On 30 June 2017, Roma exercised the buyback clause of €10 million, which was included in Pellegrini's transfer agreement with Sassuolo, to bring him back to Rome on a five-year deal. On the same day Roma youth product Federico Ricci joined Sassuolo outright, for a €3 million fee. Pellegrini scored his first-ever goal for the club on 1 December 2017, netting Roma's third goal in a 3–1 league victory against SPAL.

On 25 May 2022, Pellegrini captained A.S. Roma in the inaugural Europa Conference League final, which his team won 1–0 against Feyenoord. He was also named Player of the Season in that competition. On 31 May 2023, he captained his team in the Europa League final which they lost 4–1 on penalties against Sevilla following a 1–1 draw after extra time.

==International career==
Having represented various Italian youth teams, Pellegrini debuted for the senior squad on 11 June 2017 in a 5–0 home victory against Liechtenstein of a 2018 World Cup qualification. Later that month, Pellegrini was included in the Italy under-21 squad for the 2017 UEFA European Under-21 Championship by manager Luigi Di Biagio. One 18 June, he scored his first youth goal at the tournament, netting from a bicycle kick in a 2–0 victory against Denmark. Italy was eliminated in the semi-finals after a 3–1 defeat against Spain on 27 June. During the match, Pellegrini assisted Federico Bernardeschi's temporary equaliser. Two years after his promotion in the senior team, Pellegrini was called back in the U21 squad for the 2019 UEFA European Under-21 Championship on home soil. Pellegrini scored his first goal with the Italy senior side on 5 September 2019, in a 3–1 away victory against Armenia in a Euro 2020 qualifier.
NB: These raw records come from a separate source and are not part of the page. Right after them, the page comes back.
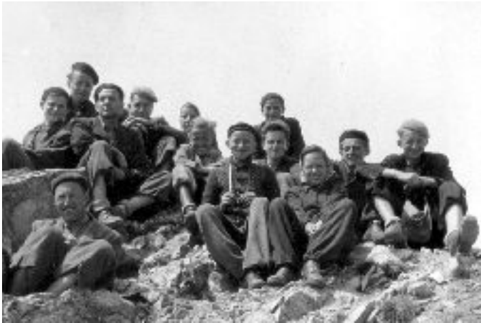
Na vrcholu tatranského Kriváně
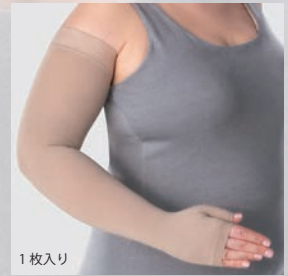
シームレス ミトン付き スリーブ
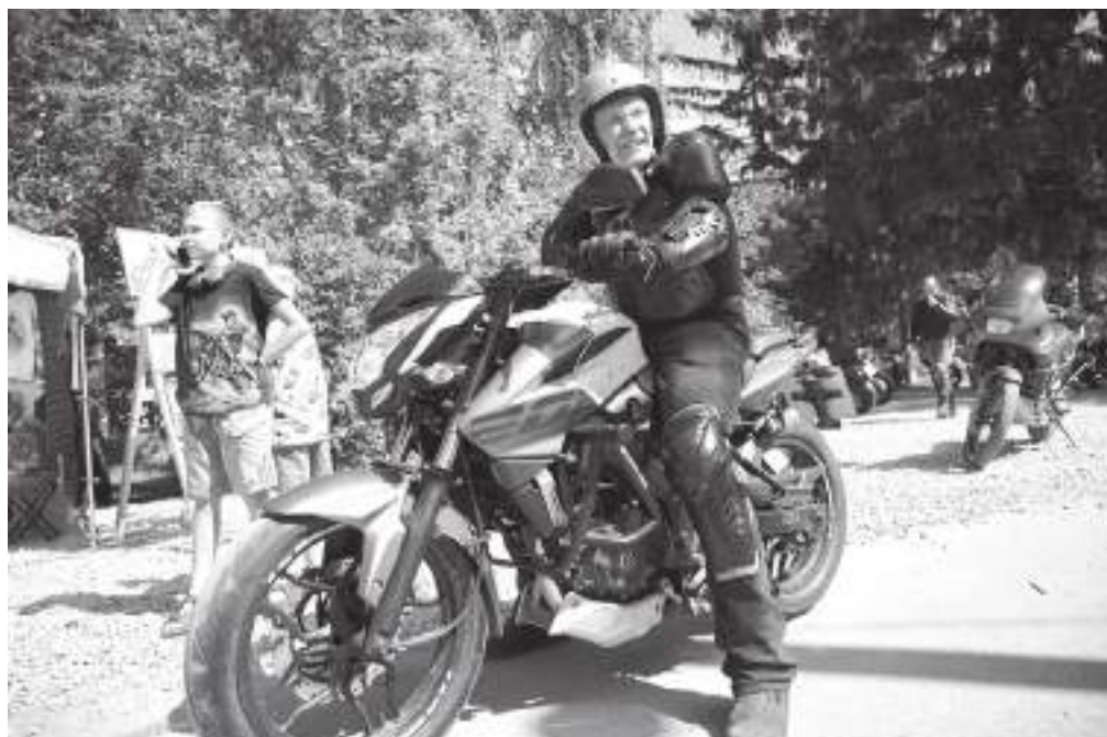
Возраст в мотосостязаниях не имеет значения
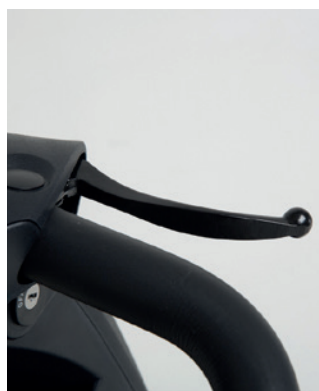
Frein à main

offre une conduite confortable avec une bonne traction et une bonne stabilité.
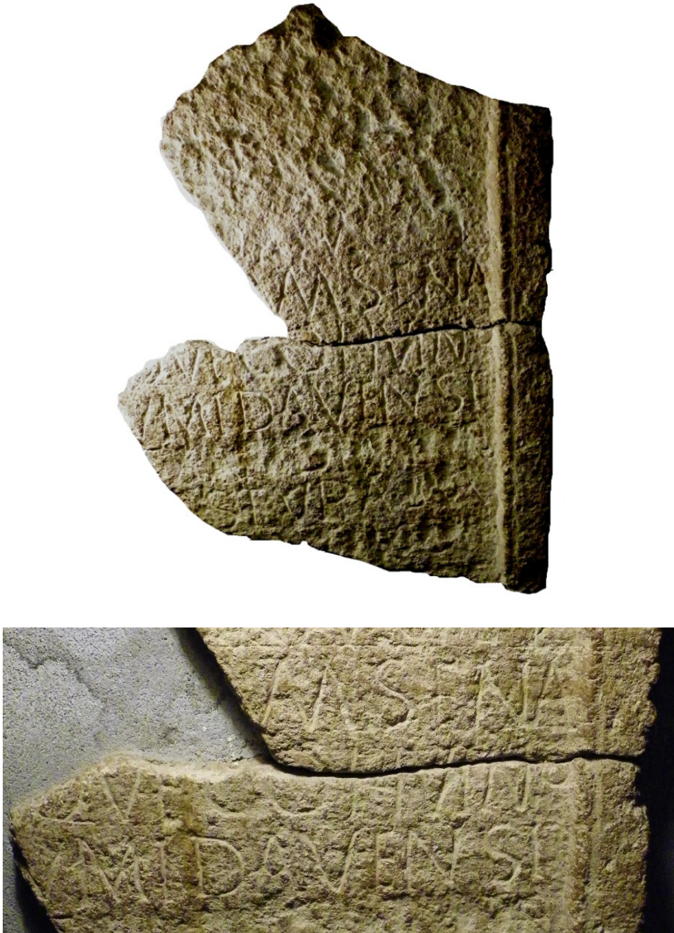
Fig. 3. Inscripția de la Râșnov – Cumidava.
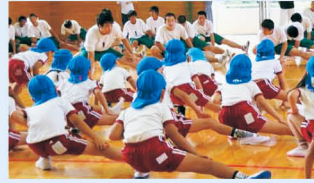
幼稚園での体育指導補助

競技の練習だけでなく、スポーツを総合的に学ぶことができます。実習などで他の高校とちがう経験ができるので、将来に生かせればと思っています。
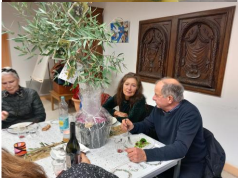
L'Olivier de l'amitié

C'est promis, nous réitérerons l'an prochain ! FGG
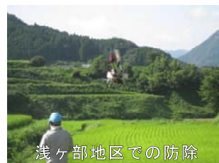
浅ヶ部地区での防除

今回の試験散布により、来年以降も希望者が増加することが予想されるため、 西臼杵地区の無人ヘリ防除協議会の設立とオペレーターの早期育成を進めるため、関係機関と連携を進めていくこと にしています。
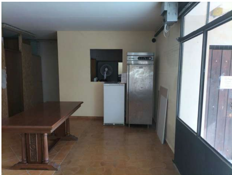
FOTOGRAMMA n° 12

TRIBUNALE DI TERNI - ES. IMM. N° 144/2022 CASSA DI RISPARMIO DI ORVIETO S.p.A. contro OMISSIS LOTTO UNICO
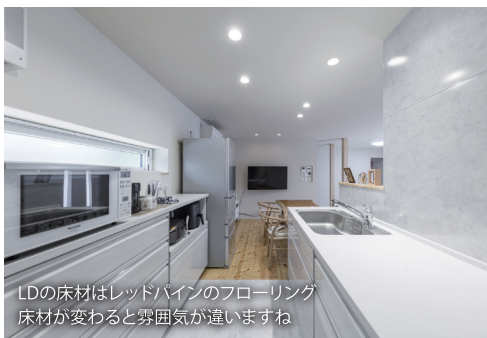
LDの床材はレッドパインのフローリング床材が変わると雰囲気は違いますね
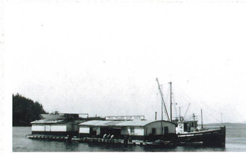
▲トフィーノ漁者組合②(1925年頃) Tofino Fishermen's Union (c.1925).
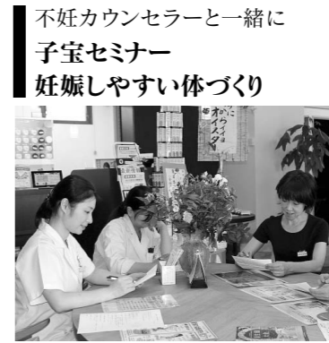
不妊カウンセラーと一緒に 子宝セミナー 妊娠しやすい体づくり
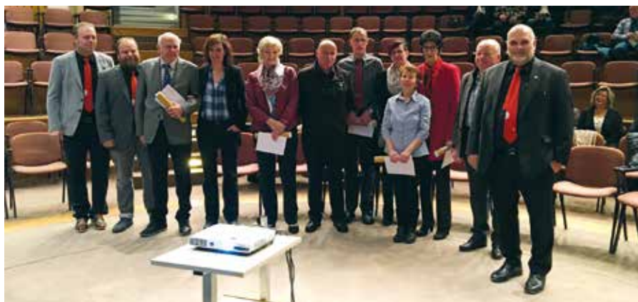
Das Gastrovalais-Komitee posiert mit den Jubilaren, 50, 40 und 20 Jahre Tätigkeit.

Mit der Hilfe von zwei Abgeordneten haben wir im Grossen Rat eine Interpellation über die Beihilfen bei der
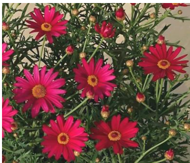
(新) プリアンルージュ
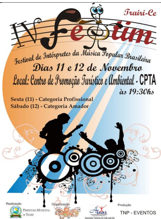
IV FESTIM- Festival de Interpretes da Musica Popular Brasileira – Realização ATUAR (2011)
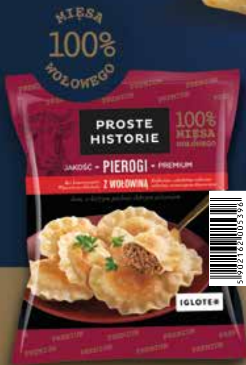
Pierogi z wołowiną Premium 400 g (14 szt.)
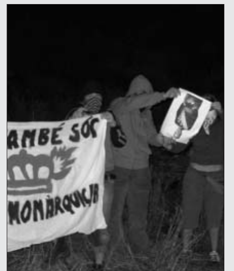
Acció anitmonàrquica solidària amb els encausats
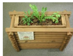
『どこでもプランター』 空気まで美しくします 山を守る間伐材使用

農商工連携による 吉野町の地域活性化事業に取り組み、 吉野町功労賞を受賞しました。
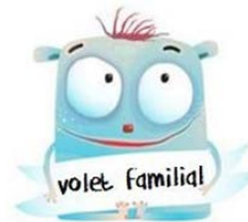
Neurone Scientifique SP
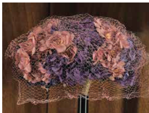
Slika 15. Francuski šešir prve dame Hane Benešove, kasne tridesete.

Audiovizualni elementi djelomično su osvijetljeni, posebno u području posvećenom politici. Posjetitelji mogu prelistati političke afere, ali i pogledati rezultate izbora u 20. stoljeću. U ovom dijelu taj je element poseban. Ilustriran je, nastao na
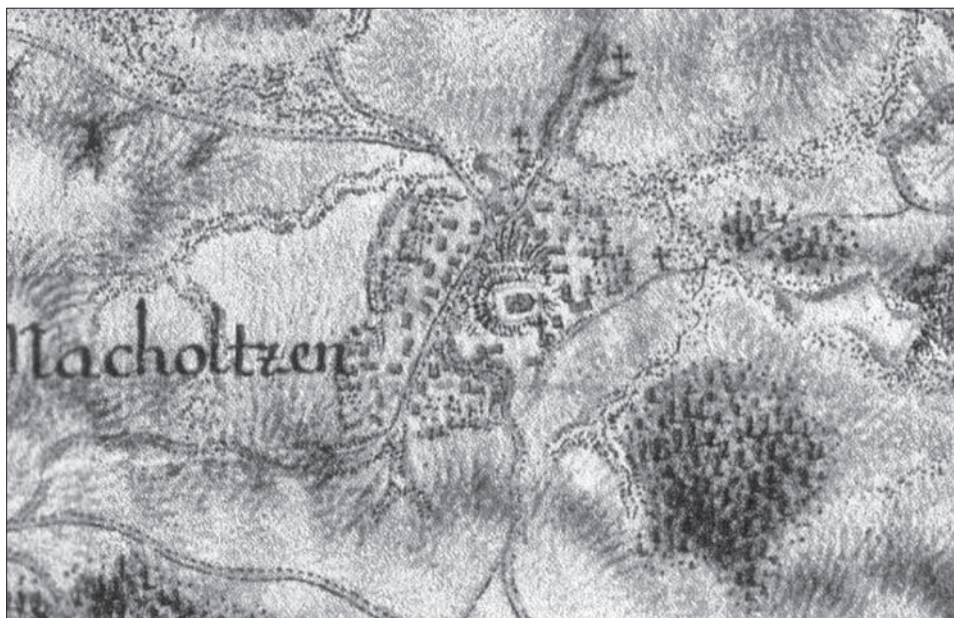
Obr. 1. Bukovec, okr. Domažlice, kostel Nanebevzetí Panny Marie. Kostel s příkopem na prvním vojenském mapování, 1764–1768. 1 a Militärliche Survey, Section No. 172, Austrian State Archive/Military Archive, Vienna.
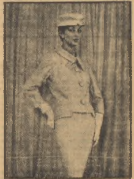
Bir yaz tayyörü Şehre inerken idem
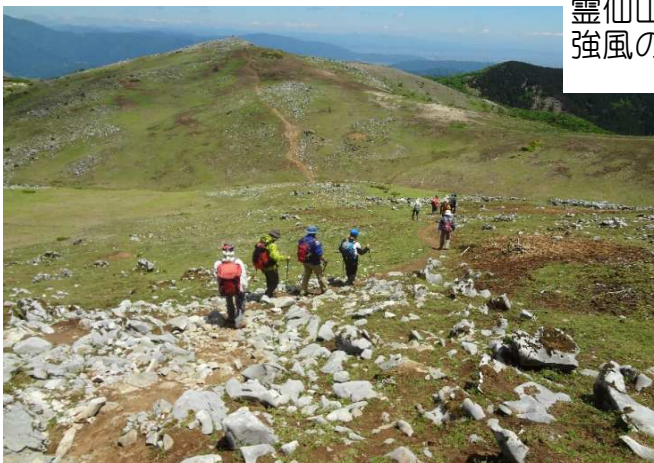
霊仙山から経塚山をみながら下山 強風のため谷間で昼食 出発12:30
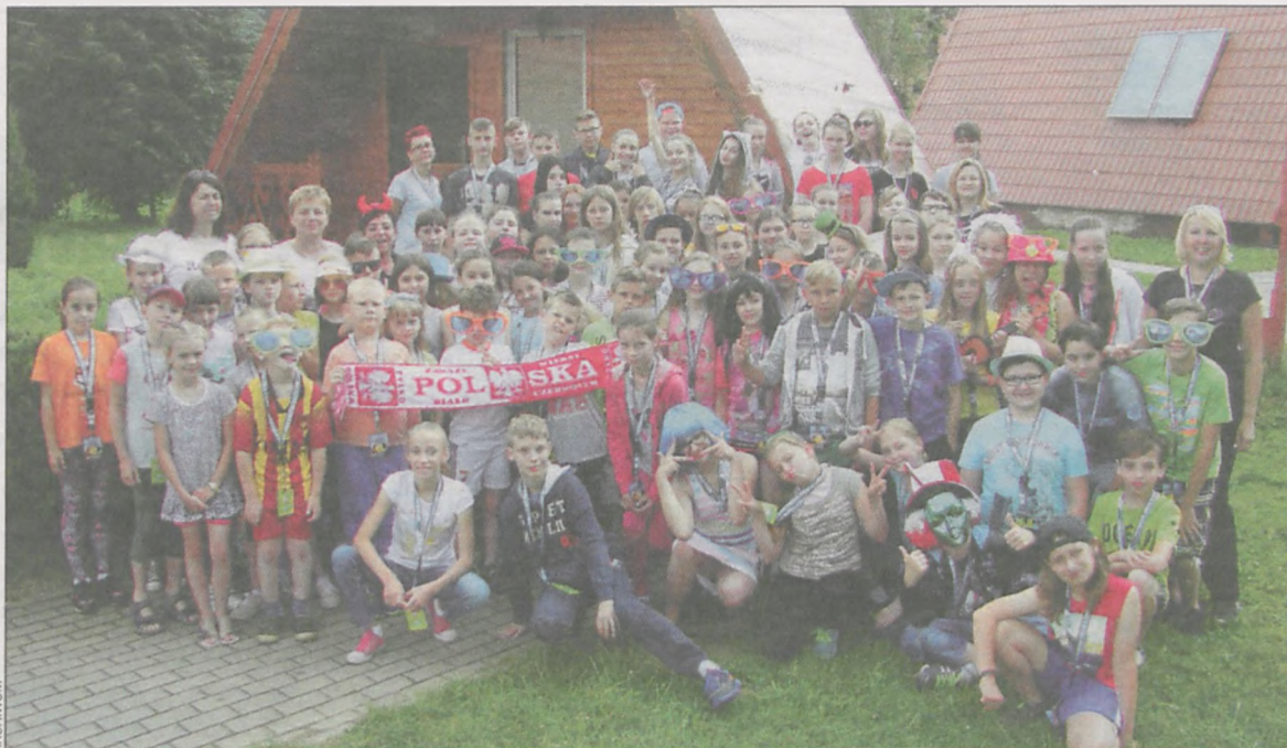
Uczestnicy wyjazdu mieli dobre humory

Zarządzenie Burmistrza Krotoszyna nr 780/2016 z dnia 14.07.2016 r.

In June 2021, Pellegrini was included in Italy's squad for UEFA Euro 2020 by manager Roberto Mancini. However, an injury ruled him out of the final tournament, and Gaetano Castrovilli was called up in his place. On 6 October, Pellegrini scored in a 2–1 home defeat against Spain in the semi-finals of the 2021 UEFA Nations League Finals.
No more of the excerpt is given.